Landing the Air Force's next-generation fighter - the F-35- likely will guarantee a long future for two Midlands bases and ensure thousands of jobs will stay in the area, military supporters say.
Their speculation is centered on a recent Air Force announcement that McEntire Joint National Guard Base near Eastover and Sumter's Shaw Air Force Base are being considered for the first group of F-35s scheduled to roll off the production line beginning next decade.
"For both the Shaw and McEntire communities, it's good news all the way around," said George Patrick, executive coordinator of the S.C. Military Base Task Force.
The F-35, which has radar-evading stealth capabilities, is being built to replace the Air Force's aging fleet of F-16 fighters, first introduced in the mid-1970s.
The Air Force plans to find homes for 1,763 F-35s, but it has Shaw and McEntire on its "short list" of 11 bases that could receive the first 250 to 300 planes due to be delivered beginning in 2013.
Shaw and McEntire are among six bases being considered as operational bases, that is, they would fly daily missions from the installations. Five other bases are being considered for training.
With modifications, the F-35 also can be used by the Navy and Marine Corps.
As a result, the Lowcountry could be the home of F-35s if the Pentagon replaces F-18s based at Marine Corps Air Station Beaufort. The base has six squadrons of F-18s, twin-engine fighters. A decision on Beaufort is expected in 2012.
If Shaw and McEntire make the cut, it should lessen worries that the installations might be shuttered if the Pentagon decides to go through another round of base closings like it did in 2005.
"It would be another reason to keep the two open," said Ike McLeese, CEO of the Columbia Chamber of Commerce and primary mover of community efforts to support McEntire and Fort Jackson.
Supporters of the bases said the same factors that favored Shaw and McEntire in 2005 were considered by Air Force leaders in compiling a "short list" for the F-35's future home. They include:
- The bases, about 20 miles apart, are close to the 12,400-acre Poinsett Weapons Range in Sumter County, as well as airspace training ranges over South Carolina, Georgia and the Atlantic Ocean.
- The bases enjoy strong public support, with local governments joining efforts to manage commercial and residential development near the bases.
- Infrastructure, including sun shades that cover planes parked on the ramp, already is in place to support F-35s.
Before the Air Force announces its final decision, environmental impact studies will have to be completed, and local communities might get an opportunity to weigh in.
The environmental studies will focus on noise, hazardous materials and impact of daily operations on the surrounding community, said Lt.

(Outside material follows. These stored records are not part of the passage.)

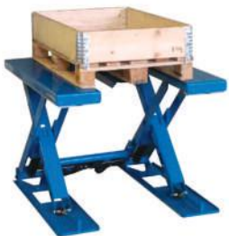
E-TYPE SCISSOR LIFT
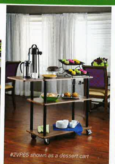
#2VP65 shown as a dessert cart
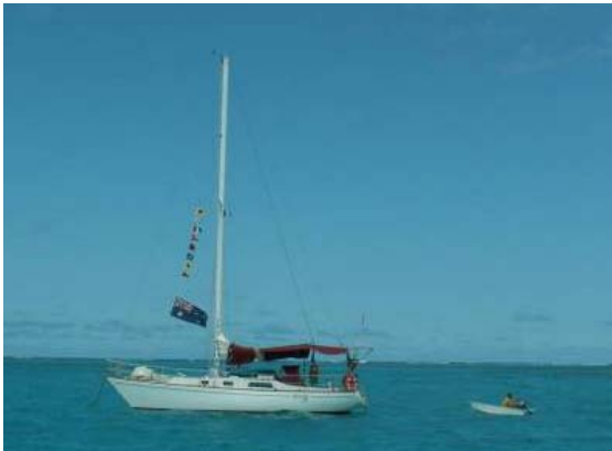
Intrepid 4 - Tambo Reef

The whole time we were at Tanna Island the SE trades had been in force, but with the possibility of a softening in strength, we left for Noumea approximately 290 miles away in a SW direction. It was a two sail reach (two reefs and a staysail) 20 - 30 knots with 2 -4 m sea
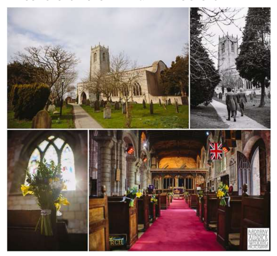
Search Blyth, Scrooby and Ranskill Churches on Facebook

The Church was originally Blyth Priory, dating from 1088, with many historical features such as the medieval Doom painting. It has a bell tower, an organ, a new kitchen, a new WC, new heating and is in good repair. Blyth features in many books on church trails and architecture. The original nave, now the North aisle, is an open space used for hospitality. Tours and meals are offered for visiting groups and story-telling, history tours, concerts and time-travelling events are often held.

Col. Keith Miller, the F-35 project officer for the 169th Fighter Wing at McEntire.
Noise tends to top the list of environmental concerns, and, so far, the results of studies have been mixed.
Like the F-16, the F-35 has just one engine, but it is considerably more powerful. The F-35 engine can generate 40,000 pounds of thrust, compared with the F-16's 23,700 pounds of thrust.
The F-35 "is nearly identical to the F-16s that we already fly. In practice, it will often be quieter due to reduced use of afterburner for takeoffs," Miller said.
One study by the Pentagon's Joint Strike Fighter Program Office and the fighter's manufacturer, Lockheed Martin, found there wasn't much difference between the noise made by an F-35 and an F-16 during takeoff.
However, other studies have found the average person might perceive an F-35 to be two to three times louder than an F-16.
Meanwhile, Miller said, there are fewer hazardous materials involved in the F-35. Also, there's less chance that bombs and rockets can be unloaded because the plane carries weapons inside its fuselage instead of under the wings, as the F-16 does.
Supporters of McEntire and Shaw note that both bases provide thousands of jobs and have significant economic impact.
"This is our BMW," said retired Maj. Gen. Tom Olsen, chief of Sumter County's efforts to support Shaw, referring to the German automaker's Upstate plant.
Shaw brings about 5,800 military jobs and an additional 1,000 civilian jobs to the Sumter community. The base's total economic impact is about $1.15 billion a year, according to the city's Department of Growth and Development.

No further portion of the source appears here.